Matilda's mommy said:


> lol she's little for me. She weighs 4lbs maybe a little less, but Matilda weighs 10lbs so Maddie seems so little to me. Miss Bow weighed 12 lbs and Muffy weighed 20lbs. I've always thought of Matilda as being itty bitty so that's why I say little


Well, that is a bit small, but certainly within the standard. You will get used to her size. Truffles is my smallest girl, but she is s o big in personality and attitude that I forget she is small. She bosses Frank around for sure!!


----------



## Dominic (Nov 4, 2012)

Matilda's mommy said:


> I love watching her play by herself she loves throwing her ducky in the air and catches it. It must be so much fun at your house with the fluffs



Paula, that is so cute! Ben is the one that plays just like that and I can watch him throwing his rubber duck up and down for a good while. You need to get that on video so we can see it. You have lots of great advice here, I think the best one is to enjoy little Maddie  I'll try to find a video of my little Elena terrorizing big boy Dominic, its hilarious


----------



## TLR (Nov 13, 2011)

I home cook for Ben and use broccoli, Napa cabbage, watermelon, blueberries, cantaloupe, apples, carrots Etc. I mix whatever vegetable and fruit mixture I make with his meat mixture. I wouldn't change a lot now though. Glad she is eating well. Relax and enjoy that new beautiful baby.


----------



## wkomorow (Aug 26, 2011)

That must be so cute watching her throw the duckie in the air. Luck does it with his toys too, but he does not have much control. His toys are constantly flying across the room. They get thrown on tables, chairs, behind furniture, into sinks and toilets. Scared the * out of me, I went to use the toilet, and there was the face (of his toy weasel) staring back at me. We are an all male house - we never leave the seats down.


----------



## Pooh's mommy (Aug 31, 2014)

wkomorow said:


> That must be so cute watching her throw the duckie in the air. Luck does it with his toys too, but he does not have much control. His toys are constantly flying across the room. They get thrown on tables, chairs, behind furniture, into sinks and toilets. Scared the * out of me, I went to use the toilet, and there was the face (of his toy weasel) staring back at me. We are an all male house - we never leave the seats down.


:HistericalSmiley: :w00t: :HistericalSmiley:


----------



## Matilda's mommy (Jun 1, 2005)

wkomorow said:


> That must be so cute watching her throw the duckie in the air. Luck does it with his toys too, but he does not have much control. His toys are constantly flying across the room. They get thrown on tables, chairs, behind furniture, into sinks and toilets. Scared the * out of me, I went to use the toilet, and there was the face (of his toy weasel) staring back at me. We are an all male house - we never leave the seats down.
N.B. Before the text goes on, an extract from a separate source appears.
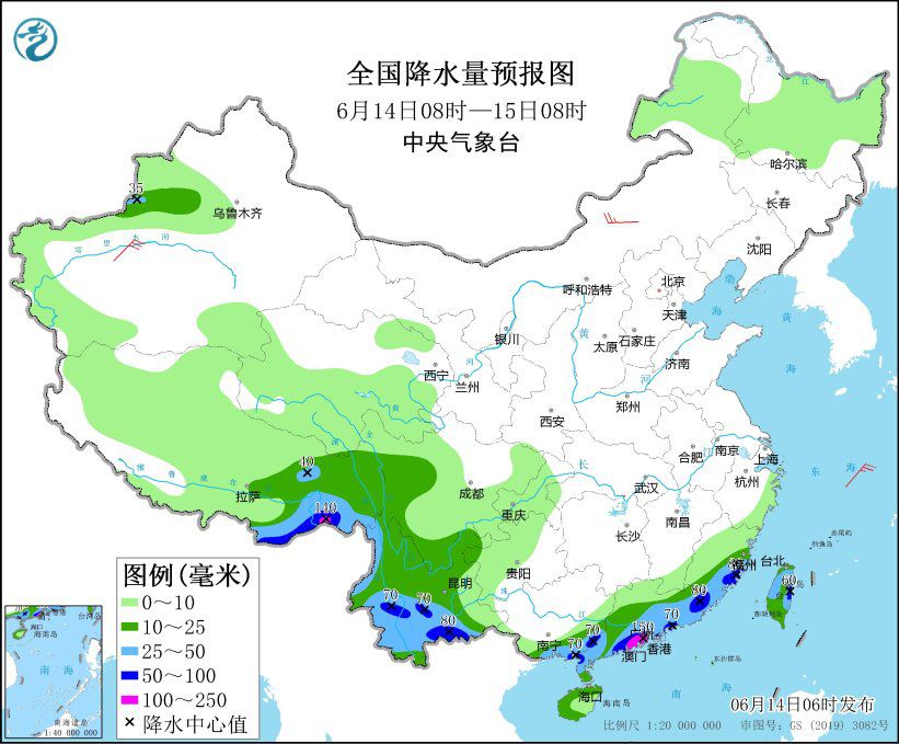 中新網6月14日電 據(jù)中央氣象臺網站消息,中央氣象臺預報,未來三天,我國整體的天氣形勢為北晴南雨,北方大部地區(qū)將陸續(xù)感受到炎炎夏日的威力,西安、鄭州、石家莊今明兩天最高氣溫將在37-39℃;南方降雨主要集中在華南沿海地區(qū),雨量普遍有大到暴雨。華南這種臨近端午節(jié)的大范圍強降雨又稱為龍舟水。氣象專家提醒,未來三天進入華南“龍舟水”集中期,需注意持續(xù)性強降雨可能引發(fā)的次生地質災害。

:HistericalSmiley::HistericalSmiley::HistericalSmiley: Gotcha Daddy:wub::HistericalSmiley::HistericalSmiley:


----------



## elly (Sep 11, 2006)

Be very careful with carrots. Whitney weighs about 4 pounds and she has a tiny mouth. My husband is banned from feeding carrots to the pups because Whitney has choked on them twice and it was scary.


----------